Impact and Key Takeaways
The HerWILL "AI for Equality" Datathon was a powerful platform designed to provide women and individuals from marginalized communities with opportunities to engage in cutting-edge technology and tackle systemic issues in AI. With participants from 20 countries and 171 universities, the event offered a rare chance for individuals—particularly women from regions with limited access to STEM opportunities—to showcase their talents and work on solutions that address real-world challenges.
This event was especially significant for participants from underserved communities, where opportunities for women in technology are scarce. By focusing on gender bias in AI, the Datathon gave women the platform to demonstrate their skills in a space where their voices often go unheard. The success of Jawa Habib, a Syrian woman who won on the merit of her work, was a testament to the importance of creating equitable opportunities. Her achievement, unanimously recognized by an esteemed panel of judges, showed the power of talent and determination when given the chance to shine.

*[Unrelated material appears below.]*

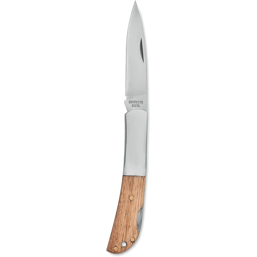Fickkniv av rostfritt stål och handtag av acaciaträ. Bladets längd är 6 cm.

The Datathon also pushed participants to advance Machine Learning and Deep Learning practices by developing models that balance accuracy and efficiency. By addressing gender bias in text, the competition sparked conversations about inclusivity in technology and how AI can be used as a tool to foster equity.
Beyond technical skills, this event created a space for collaboration and global dialogue. Participants came together from diverse backgrounds to learn, innovate, and connect with mentors and peers, gaining not only recognition but also confidence in their abilities. For many, it was a rare and transformative experience that inspired them to pursue careers and leadership roles in STEM.
The HerWILL "AI for Equality" Datathon was a step toward making technology more inclusive by prioritizing marginalized voices and tackling systemic challenges. It showed that when opportunities are made accessible, innovation thrives, and meaningful change becomes possible.
These are our esteemed panel of Judges…
Dr. Kevin Dalmeijer
Senior Research Associate
H. Milton Stewart School of Industrial and Systems Engineering, Georgia Tech.
Dr. Reem F. Khir
Assistant Professor
Edwardson School of Industrial Engineering, Purdue University
Dr. Farig Sadeque Yusuf Sadeque
Associate Professor
Computer Science and Engineering, BRAC University.
Dr. Paul Grigas
Associate Professor
Department of Industrial Engineering & Operations Research, UC Berkeley.
Dr. Intekhab Hossain
Senior Data Scientist
Analysis Group.
Conclusion
Through my work on the HerWILL "AI for Equality" Datathon, I had the privilege of contributing to an event that empowered women and individuals from marginalized communities to step into the spotlight and tackle one of the most pressing issues in technology today—bias in AI. From designing the challenge to collaborating with researchers and guiding participants, I helped create a space where diverse voices could be heard, skills could be showcased, and meaningful solutions could emerge. This Datathon wasn’t just about advancing technical expertise; it was about breaking barriers, sparking critical conversations, and demonstrating the power of inclusive opportunities. I’m proud to have played a role in an initiative that inspired so many to see their potential and pursue a future where technology works for everyone.